Durvasula instructs her clients to purchase furniture of their choice from IKEA and then build it in their home without her supervision. She then has them visit her office in Santa Monica with reports on how the exercise went.

While couples start out thinking that the idea is ridiculous, she says that the experience teaches them a lot about their relationship style. She’s been conducting the exercise with clients for the past five to six years, and she says it has always helped gain more understanding.

For instance, ABC News reported that Stephanie Aguirre, 23, and Samuel Hidalgo, 29, of Orange County, California used Durvasula’s technique to figure out if they should move in together or not. While Hidalgo said he was excited about the possibility, he did have a few practical reservations. Aguirre felt the same way.

So they chose a shelving unit from IKEA, and surprisingly, they were able to assemble the entire piece within an hour even though they didn’t have the instructions. When they went back to Durvasula with their experience, she observed that their communication was ‘collaborative’ – because they used questions instead of commands to finish the task, and also because they compromised.

“When she was not able to do something, you didn’t criticize her,” Durvasula told Hidalgo. The exercise proved fruitful for the young couple, because they were able to understand how they really felt about living with each other. “I feel much better,” Hidalgo confessed. “I mean, building a piece of furniture didn’t seem like much. It was just fun, but now that she analysed it, I feel much, much better about it.”

“Sometimes it’s not about IKEA or shopping, but the collaboration of putting something together,” said Durvasula, who works with couples with a “wide range of disorders”. She focuses on relationships with people who have narcissistic tendencies. “From a furniture perspective, in that case, it’s really hard to have someone listen to you in putting together a large piece of furniture,” she explained.

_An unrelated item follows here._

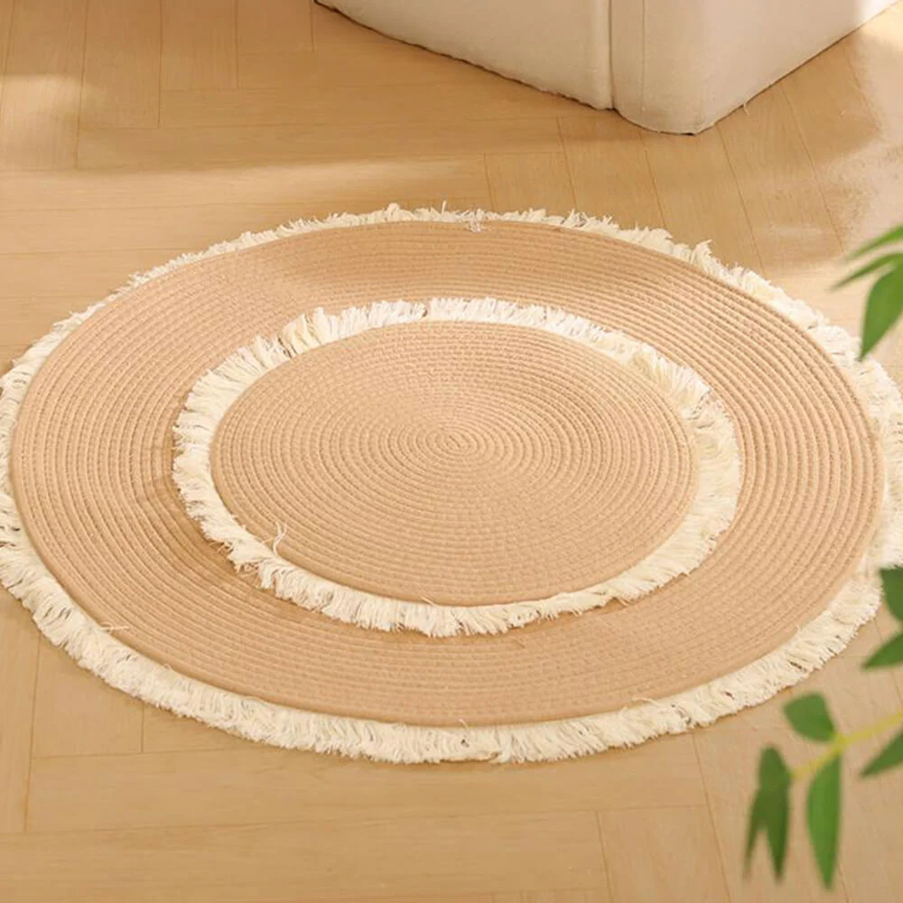 Nordic Handwoven Durable Cat Scratch Mat Rug with Fringe

Small items such as coffee tables, she told Wall Street Journal, presents few challenges to couples. But large-scale, wall-consuming units can prove to be more problematic, she explained. In fact, she refers to a particular wall unit called the Liatorp as ‘the Divorcemaker’.

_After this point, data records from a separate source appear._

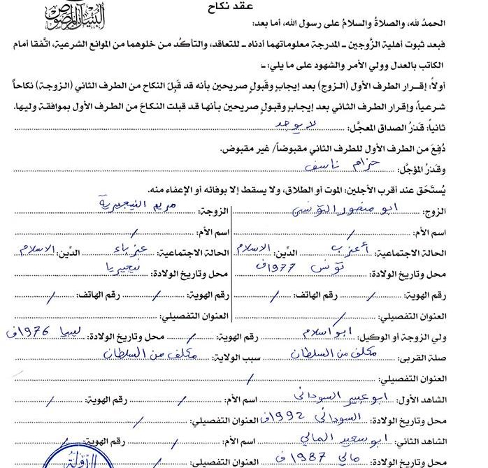 نشر المركز الإعلامي لغرفة البنيان المرصوص وثائق جديدة خاصة بتنظيم داعش في سرت، وهي عبارة عن “عقود زواج” معتمدة من قاضي “محكمة الأحوال الشخصية”.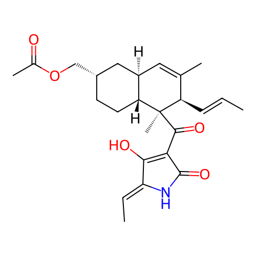 | InChI | InChI=1S/C25H33NO5/c1-6-8-18-14(3)11-17-12-16(13-31-15(4)27)9-10-19(17)25(18,5)23(29)21-22(28)20(7-2)26-24(21)30/h6-8,11,16-19,28H,9-10,12-13H2,1-5H3,(H,26,30)/b8-6+,20-7-/t16-,17+,18+,19+,25+/m0/s1 |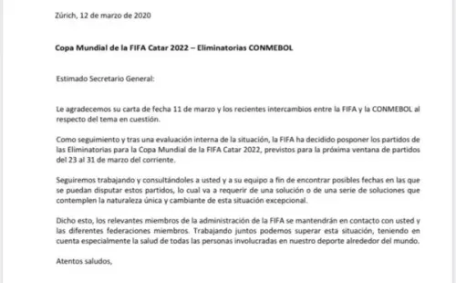 “Tras una evaluación de la situación, la FIFA ha decidido posponer los partidos de las eliminatorias para la Copa Mundial de la FIFA Catar 2022, previstos para la próxima ventana de partidos del 23 al 31 de marzo del corriente”, reza la carta firmada por la secretaria general, Fatma Samoura.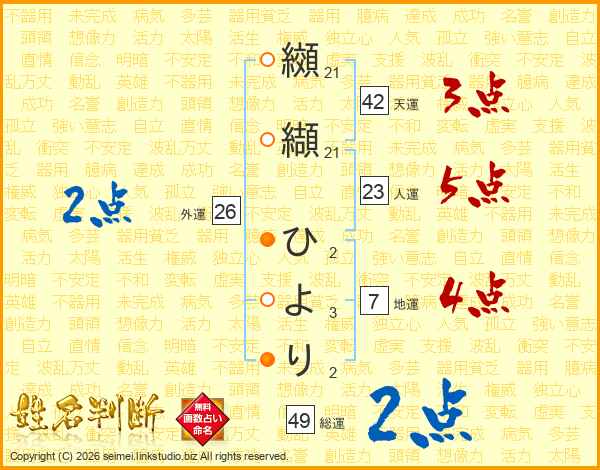 纐纈ひよりさんの外運は26画の2点!

According to Durvasula, couples may fake politeness during the psychological exercise, but it won’t last more than a minute. She added that “busted, broken-up IKEA furniture is forever a monument of something that went wrong.” And the clinical data collected from the experiment helps her analyze relationships quite accurately.

On their part, IKEA has revealed that they are aware of the domestic shopping experience being a stressful one. “While IKEA has no set philosophy on couples shopping together, we want everyone to have a good experience,” said spokesperson Janice Simonsen. She explained that 85 percent of IKEA’s stores in the US provide home-furnishing consultants to reduce this stress. And as far as the couples therapy, she said: “We’re just happy to be part of the process.”